Whether you like tattoos or not, you probably know they are painful to get, disastrous to get wrong and rather difficult to remove. In other words, they’re there to stay – and you better like them even when you’re old and wrinkled.
And it’s easy to see (just google “tattoo disasters”) that loads of people can’t remember this simple truth. I’m sure these guys thought it was a good idea at the time.
It’s the same with logos
When starting a business it’s easy to think “Well, I’ll just getting something done and I’ll see about it later”. And when later you realise you hate the interim logo you got yourself and set about getting a new one, it’s already very late.
You spent lots of money promoting that logo on adverts, business cards, letterheads, your website and so on. For better or worse, people have started recognising your logo and associating it with your service or product. Scrapping it all and starting afresh is a very costly exercise.
So here are my simple rules for getting a logo you will still like in 5, 10 or 20 years:
How to choose a logo (or a tattoo)
- Choose a design that means something. A design with a story (and a strategy). Not just a pretty picture.
- Make sure it looks good anywhere you’d put it: on paper, on a website – on your skin if you really feel like taking the title of this article very literally.* There isn’t much point in a logo that would look great on a website, and rubbish on paper.
- Choose something that doesn’t rely on fads and bells and whistles for effect: when gradients or 3D will be out of fashion will your logo look great or ridiculous? Most of the world’s greatest logos are simple – versatile, as in can be used in various colour combinations, gradients, etc, but in essence they are simple. Apple is a great example of this.
- Pick a logo that makes you feel proud. Makes you feel like bringing it home to meet your mother or taking it along as your date to that high-school reunion you’ve been dreading.

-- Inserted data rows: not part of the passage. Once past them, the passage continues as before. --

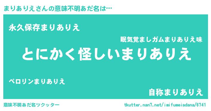 | 胡散臭い通販商品みたいなあだ名 | 『信頼と実績のサプリメント…その名も「まりありえ」』 |
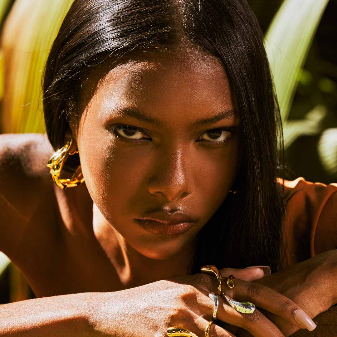 A Argola Descoberta captura a vivacidade da vida aquática amazônica com um design que apresenta um cardume de peixes em movimento fluido.
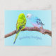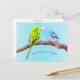 Detta vykort har en digital målning av ett sött undulatpar på en gren. Vackert vykort för alla fågelälskare! Designad av Marions Artwork.
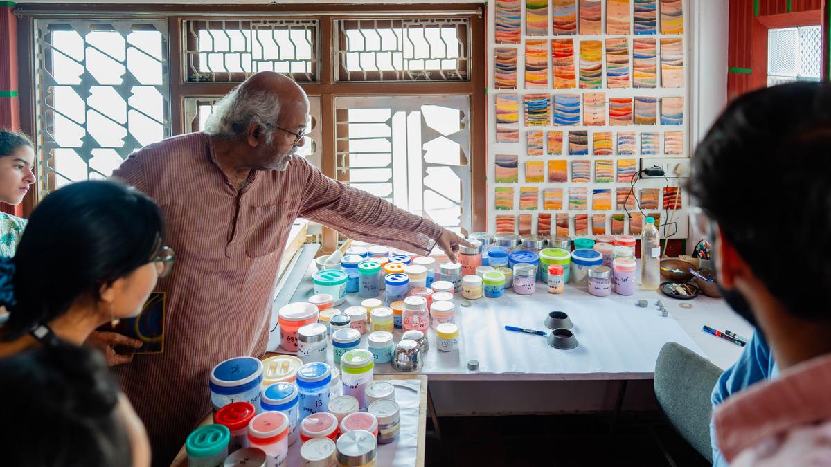 Senior artist M. Senathipathi at Cholamandal art village on Friday. | Photo Credit: Akhila Easwaran The many worlds of Manickam…
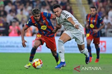 Pemain Real Madrid Kylian Mbappe berebut bola dengan pemain Barcelona Lamine Yamal pada final Piala Super Spanyol di King Abdullah Sports City Stadium, Jeddah, Arab Saudi, Senin (12/1/2026). Barcelona juara Piala Super Spanyol usai mengalahkan Madrid 3-2. ANTARA FOTO/REUTERS/Stringer/rwa.
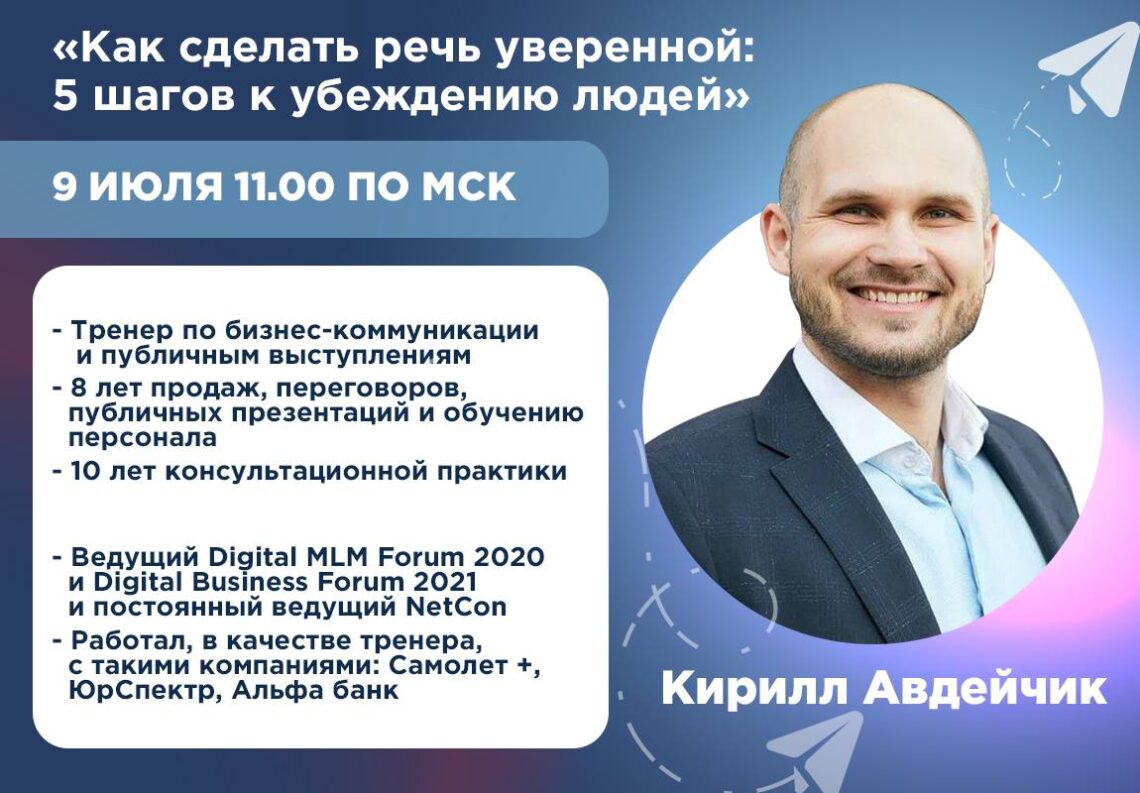 Вторник, 11:00 МСК. Встречаем гостя канала – Кирилла Авдейчика и обсудим «Как сделать речь уверенной». Эфир пройдет на канале.
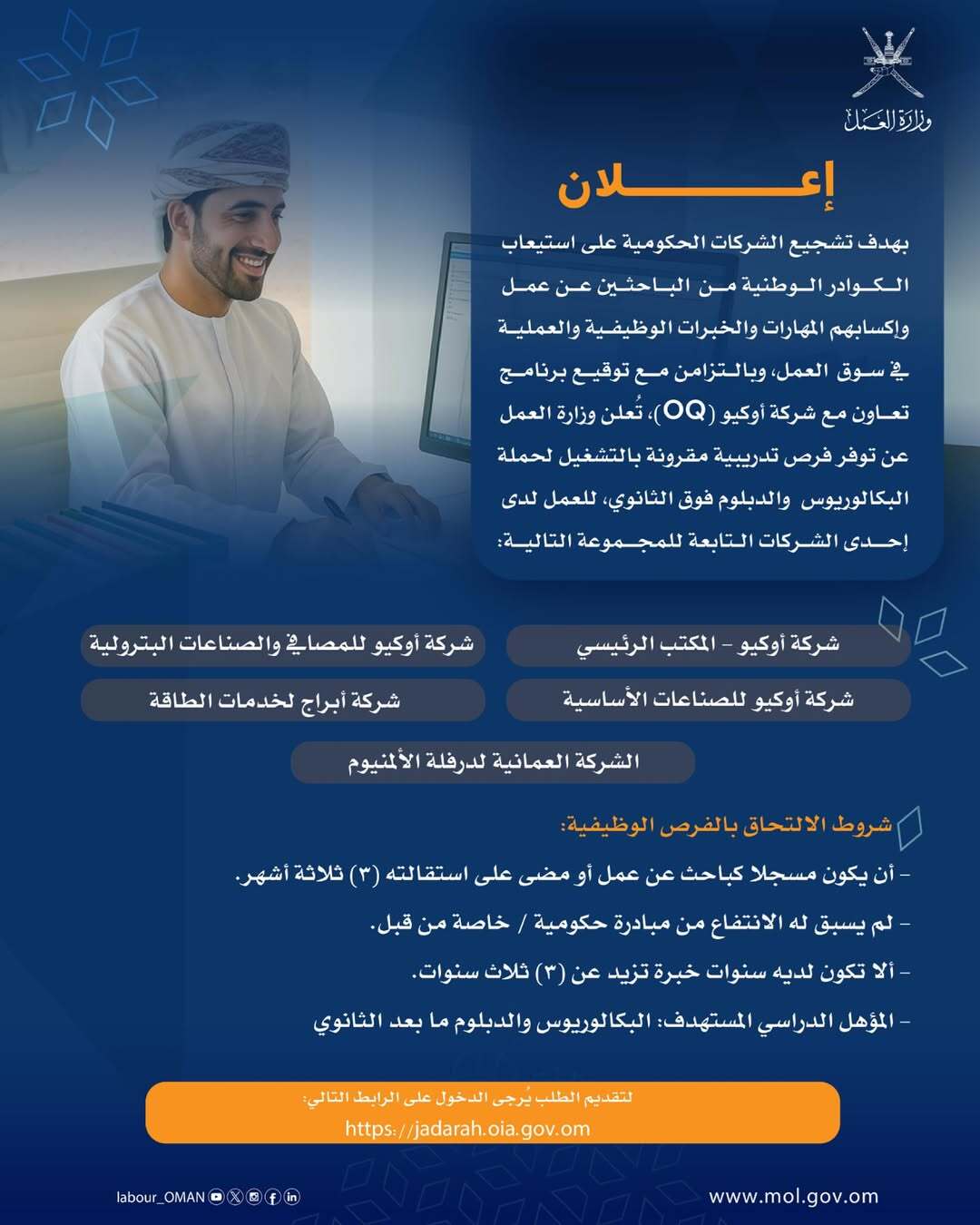 شركة أوكيو بالتعاون مع وزارة العمل - فرص تدريبية مقرونة بالتشغيل لحملة البكالوريوس والدبلوم فوق الثانوي

- Choose a design that is ‘you’.
*As a side note there have been cases of designers who tattooed their logos on their skin, and got an awesome tattoo out of it.
How to choose a logo designer
This one is a bit tougher. There are lots of really good designers out there (I am not even going to discuss design contests and other similar forms of let’s-pay-next-to-nothing-for-a-meaningless-picture; it’s been discussed to death, and for some very articulate arguments you can read the No!Spec website). Pricing varies wildly from one designer or design agency to the next. So how do you go about picking the right one?
Then browse lots of portfolios until you find some designers whose work appeal to you. Of course, any designer worth his salt will be able to adjust their style to suit your requirements; however, it does tend to be easier if their style is already close to what you like.
Go for quality and experience. As I said before: your logo will be there to stay. If there is one piece of business expenditure you should not be cheap about, this is the one. Choose quality over cheapness.
What to expect from your logo designer
- Expect them to be knowledgeable about design, printing, and not least business. You need someone you can trust and rely on to help you start your brand journey.
- Expect to have to fill in a logo questionnaire and/or attend a logo briefing meeting. A designer needs to really understand what your business is about, what its values and value proposition are – this will tell them what needs to be expressed visually by your logo.
- Expect a collaboration process that will include several initial concepts and approaches then will be progressively fine-tuned to achieve the ideal outcome. Revisions, revisions, revisions.
- Expect (and this is really nothing more than a hygiene factor, something that should be understood) honesty and trustworthiness.
- And finally, expect your designer to be excited about your brand. Nothing of any value came out of lack of interest.
So here it is, my little parallel between logo design and tattoos. Best of luck with yours (logo, tattoo or both).